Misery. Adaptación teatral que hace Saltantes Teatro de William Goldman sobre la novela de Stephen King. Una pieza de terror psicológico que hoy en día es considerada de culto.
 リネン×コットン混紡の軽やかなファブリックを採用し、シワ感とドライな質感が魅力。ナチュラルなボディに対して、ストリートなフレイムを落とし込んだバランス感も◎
--
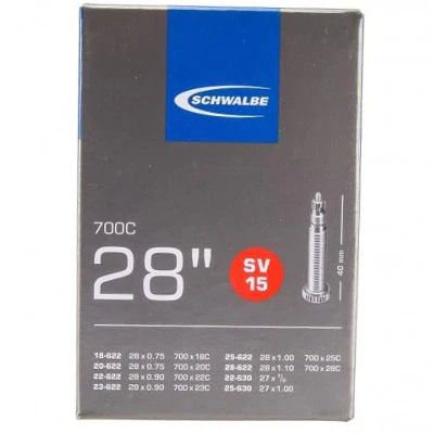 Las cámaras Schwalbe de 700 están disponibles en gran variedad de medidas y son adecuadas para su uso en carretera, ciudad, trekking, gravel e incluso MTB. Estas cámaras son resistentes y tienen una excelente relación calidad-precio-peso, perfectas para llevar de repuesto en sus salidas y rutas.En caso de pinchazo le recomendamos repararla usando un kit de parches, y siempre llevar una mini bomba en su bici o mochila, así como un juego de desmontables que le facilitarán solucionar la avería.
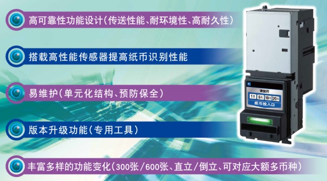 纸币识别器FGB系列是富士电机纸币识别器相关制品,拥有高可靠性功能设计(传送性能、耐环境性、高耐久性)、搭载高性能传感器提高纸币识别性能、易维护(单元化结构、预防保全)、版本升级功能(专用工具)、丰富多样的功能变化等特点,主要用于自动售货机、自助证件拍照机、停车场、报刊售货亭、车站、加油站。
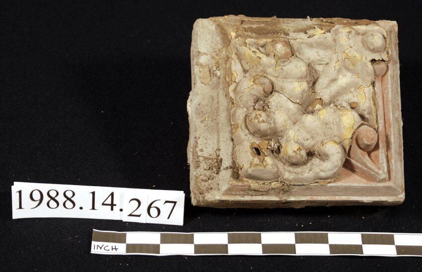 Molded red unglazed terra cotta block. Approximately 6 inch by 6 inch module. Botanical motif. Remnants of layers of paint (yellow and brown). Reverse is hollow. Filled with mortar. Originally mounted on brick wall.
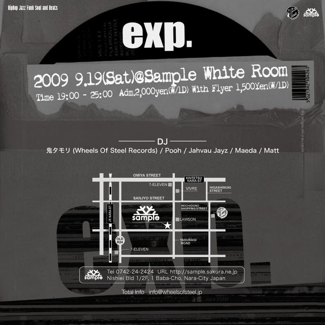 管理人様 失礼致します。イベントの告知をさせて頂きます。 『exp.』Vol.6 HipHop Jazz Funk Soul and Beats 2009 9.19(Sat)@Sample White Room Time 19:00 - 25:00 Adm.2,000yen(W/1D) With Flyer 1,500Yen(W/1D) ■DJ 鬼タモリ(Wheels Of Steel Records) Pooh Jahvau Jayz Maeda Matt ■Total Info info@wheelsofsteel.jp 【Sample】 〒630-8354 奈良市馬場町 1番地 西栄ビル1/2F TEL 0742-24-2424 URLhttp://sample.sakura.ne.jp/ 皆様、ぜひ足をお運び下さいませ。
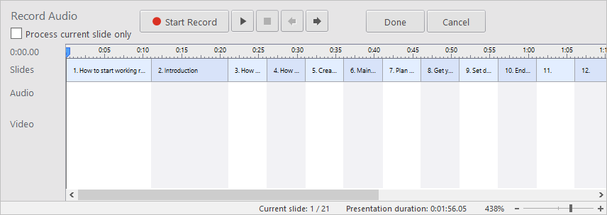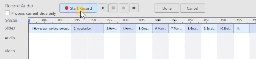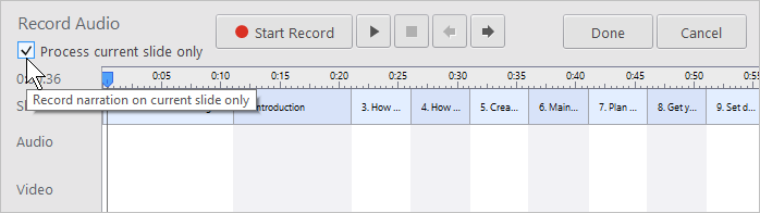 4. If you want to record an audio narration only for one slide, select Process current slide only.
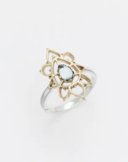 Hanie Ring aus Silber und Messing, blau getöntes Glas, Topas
--
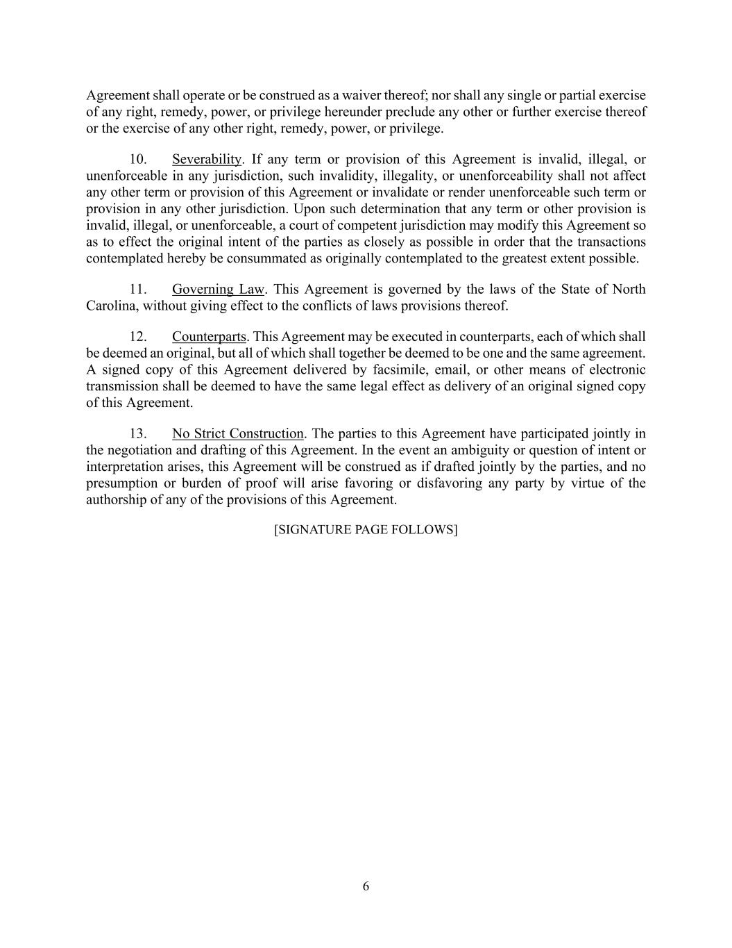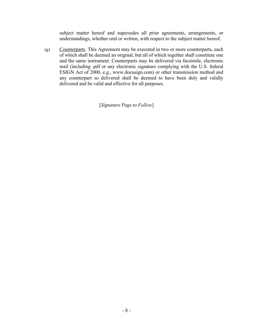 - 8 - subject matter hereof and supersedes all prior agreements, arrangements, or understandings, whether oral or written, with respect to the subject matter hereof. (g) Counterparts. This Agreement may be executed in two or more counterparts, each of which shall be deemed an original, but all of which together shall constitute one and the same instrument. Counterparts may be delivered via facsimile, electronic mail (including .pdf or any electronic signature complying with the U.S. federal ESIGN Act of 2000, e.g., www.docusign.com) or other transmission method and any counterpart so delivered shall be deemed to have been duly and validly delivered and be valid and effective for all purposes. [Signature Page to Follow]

**Task to complete:** Print nothing but the lines above starting with the line that contains "Las cámaras Schwalbe" and going on through the line that contains "Hanie Ring aus". Leave out the pictures.

**Answer space:**
 Las cámaras Schwalbe de 700 están disponibles en gran variedad de medidas y son adecuadas para su uso en carretera, ciudad, trekking, gravel e incluso MTB. Estas cámaras son resistentes y tienen una excelente relación calidad-precio-peso, perfectas para llevar de repuesto en sus salidas y rutas.En caso de pinchazo le recomendamos repararla usando un kit de parches, y siempre llevar una mini bomba en su bici o mochila, así como un juego de desmontables que le facilitarán solucionar la avería.
 纸币识别器FGB系列是富士电机纸币识别器相关制品,拥有高可靠性功能设计(传送性能、耐环境性、高耐久性)、搭载高性能传感器提高纸币识别性能、易维护(单元化结构、预防保全)、版本升级功能(专用工具)、丰富多样的功能变化等特点,主要用于自动售货机、自助证件拍照机、停车场、报刊售货亭、车站、加油站。
 Molded red unglazed terra cotta block. Approximately 6 inch by 6 inch module. Botanical motif. Remnants of layers of paint (yellow and brown). Reverse is hollow. Filled with mortar. Originally mounted on brick wall.
 管理人様 失礼致します。イベントの告知をさせて頂きます。 『exp.』Vol.6 HipHop Jazz Funk Soul and Beats 2009 9.19(Sat)@Sample White Room Time 19:00 - 25:00 Adm.2,000yen(W/1D) With Flyer 1,500Yen(W/1D) ■DJ 鬼タモリ(Wheels Of Steel Records) Pooh Jahvau Jayz Maeda Matt ■Total Info info@wheelsofsteel.jp 【Sample】 〒630-8354 奈良市馬場町 1番地 西栄ビル1/2F TEL 0742-24-2424 URLhttp://sample.sakura.ne.jp/ 皆様、ぜひ足をお運び下さいませ。
 4. If you want to record an audio narration only for one slide, select Process current slide only.
 Hanie Ring aus Silber und Messing, blau getöntes Glas, Topas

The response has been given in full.